Bryan moved in with me within weeks of our first meeting. I remember thinking if it didn't work out it would be easy to ask him to leave because all he owned was a T.V. For Valentine's Day he created a hanging wire mobile in the shape of intertwined hearts and presented it to me with flowers and chocolate. This type of thoughtful gesture is typical of Bryan. He has never missed a special occasion and has often surprised me with jewelry when he returns from a business trip.

One evening in the spring we were waiting to board a dinner train in Mendocino. A drunken man approached us and said, "How come you two are dressed up? Are you getting married?" Bryan looked at me and said, "Yes, we are aren't we?" That was his proposal. It was decided we would plan a wedding for later that year. But, first I needed to meet Bryan's mother.

Just the thought of it terrified me! Bryan and his mother, Sharon, have a truly special bond. He insisted he would not tell anyone about our engagement until she and I met. We drove to southern California where Sharon was visiting her sister, Bryan's aunt. I felt sick the entire trip. I knew in advance he was going to take his mother shopping the next morning alone to break the news to her. I couldn't sleep at all that night. What felt so "right" to Bryan and me was unusual, especially in the eyes of a parent. When they returned from their excursion Sharon looked like she had just come from a funeral. Fortunately, for me, Aunt Toby accepted the situation and eased the tension by giving me a white angel ornament. His mother is a wonderful woman. In spite of her disappointment, she welcomed me into their family. Over the years our relationship has evolved into a unique friendship, a cross between a peer and a sister.

December 7, 1986, dressed in an ivory colored Victorian gown, I was driven to our wedding in a horse drawn carriage. I remember the sensation well. As I heard the clip-pity clop of the hoofs hitting the pavement I felt it was the happiest day of my life. The ride was several miles long and I enjoyed cars honking loudly at every turn. When we arrived at the elegant Alamo Square Inn Bryan was waiting to escort me inside to the nuptials. It was a good thing he took my hand, for as I exited the carriage, my knees collapsed from shaking so hard. The day was spectacular marking a lifetime of love.

Both Bryan and I had always wanted kids.
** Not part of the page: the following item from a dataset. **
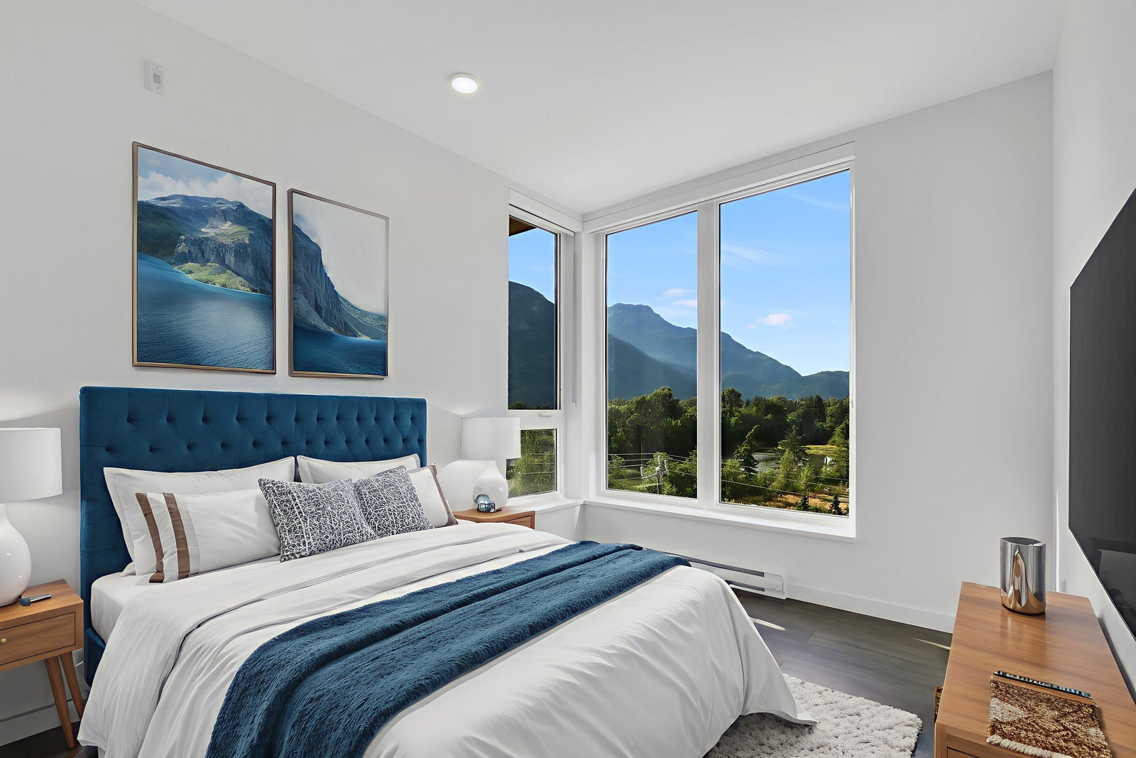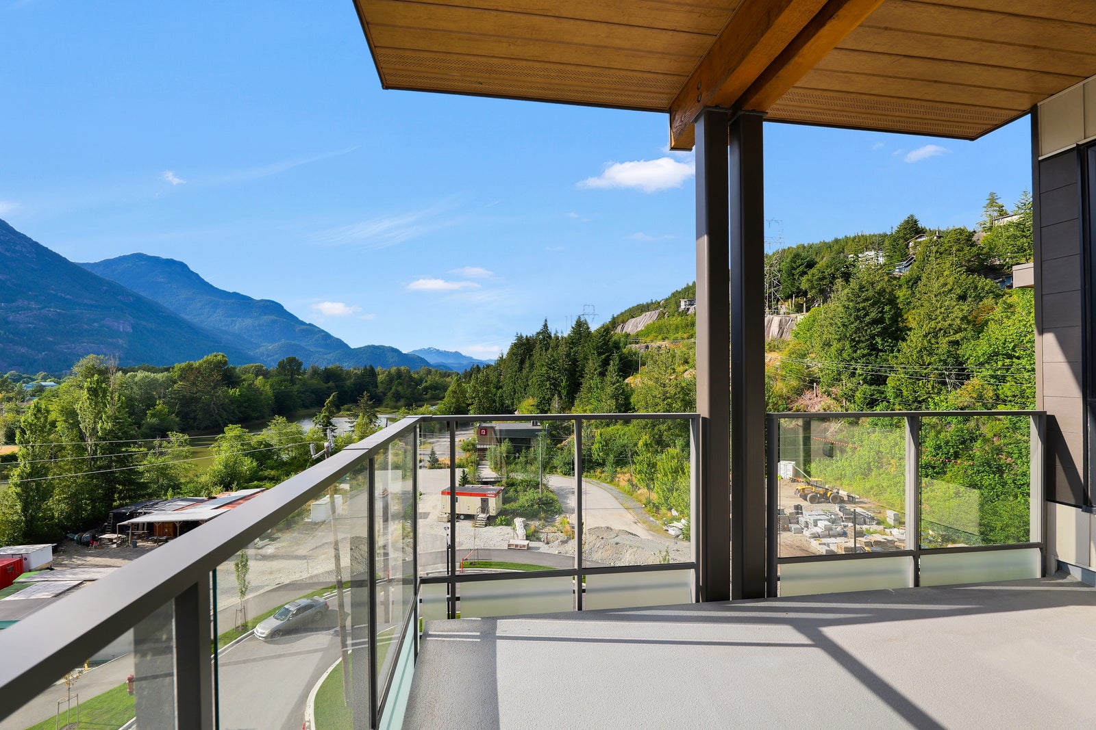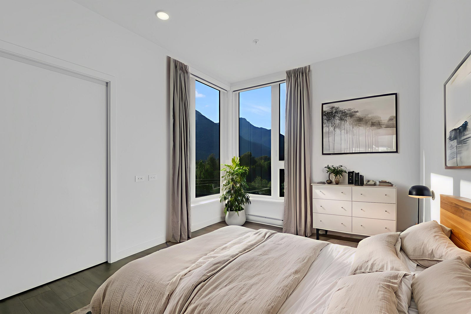 Welcome to the crown jewel of Redbridge, a brand-new 3-bedroom, 2-bathroom penthouse that blends refined design with the breathtaking natural beauty of Squamish. Set within Kingswood Properties’ visionary community, this home is a testament to thoughtful planning and elevated craftsmanship. Soaring 13-foot vaulted ceilings flood the living area with natural light and frame southwest mountain views. The Italian kitchen features a 5-burner gas cooktop, integrated appliances, and premium cabinetry. Spa-inspired bathrooms and custom built-ins add comfort and style throughout. Redbridge offers unparalleled amenities, including a wellness centre with hot/cold plunge pools, infrared sauna, gym, yoga studio, co-working space, and more - all designed to support a balanced, elevated lifestyle.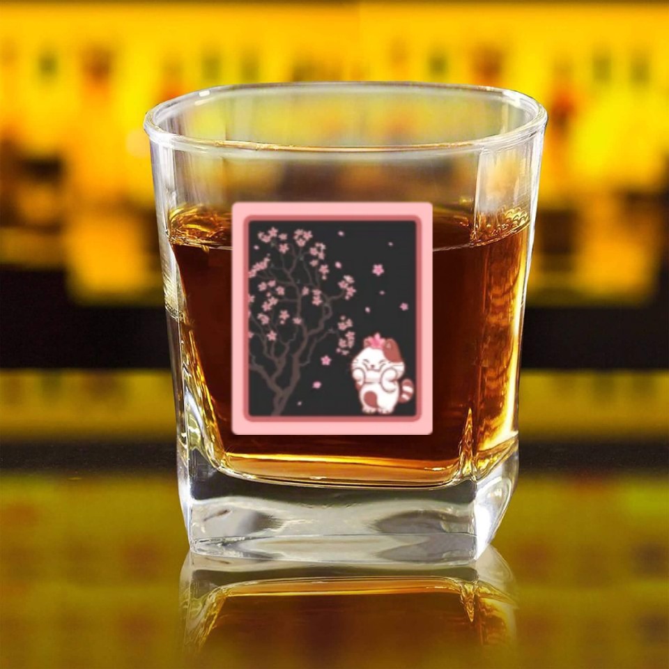 You're looking at the eye-catching product Cherry Blossom Square Whiskey Glasses, Kawaii Cat Cherry Blossom For belong theme Square Whiskey Glasses at Printblur

By the time we met my biological clock had run out. He told me he would rather marry a woman he loved deeply than to wait for someone to bear his children. For several years we were content to be a unit of two. After my dear Aunt Letha died in 1992 I longed for a child. I knew we would be good parents. Bryan agreed to adoption. It was an arduous experience requiring patience and resilience. We had several birthmothers who changed their minds for different reasons. This process took three years and a great deal of money. Ultimately we were blessed with a baby girl we named Mariah. Our daughter is now 8 years old and the light of our life.

Bryan continues to be my rock, strength and loving support. During our years together I have had many tragedies including: my brother John's suicide in 1988, my ex-husband Joey's death from alcoholism in 1989, and my girlfriend Debra's suicide in 2002. I was hospitalized with a potentially life threatening blood clot in my lungs in 1998. Bryan stood by me through all of these. I married a great guy! I am a fortunate woman to have found true love in the heart of a younger man.

Age is but a notch on the tree of life. Does it really matter that I have more than he. We are all on a spiritual path. We choose lovers, friends and family to mirror our soul's development. Partners of different ages can accelerate this growth. These diverse emotional experiences are opportunities of a lifetime. Let's enjoy them.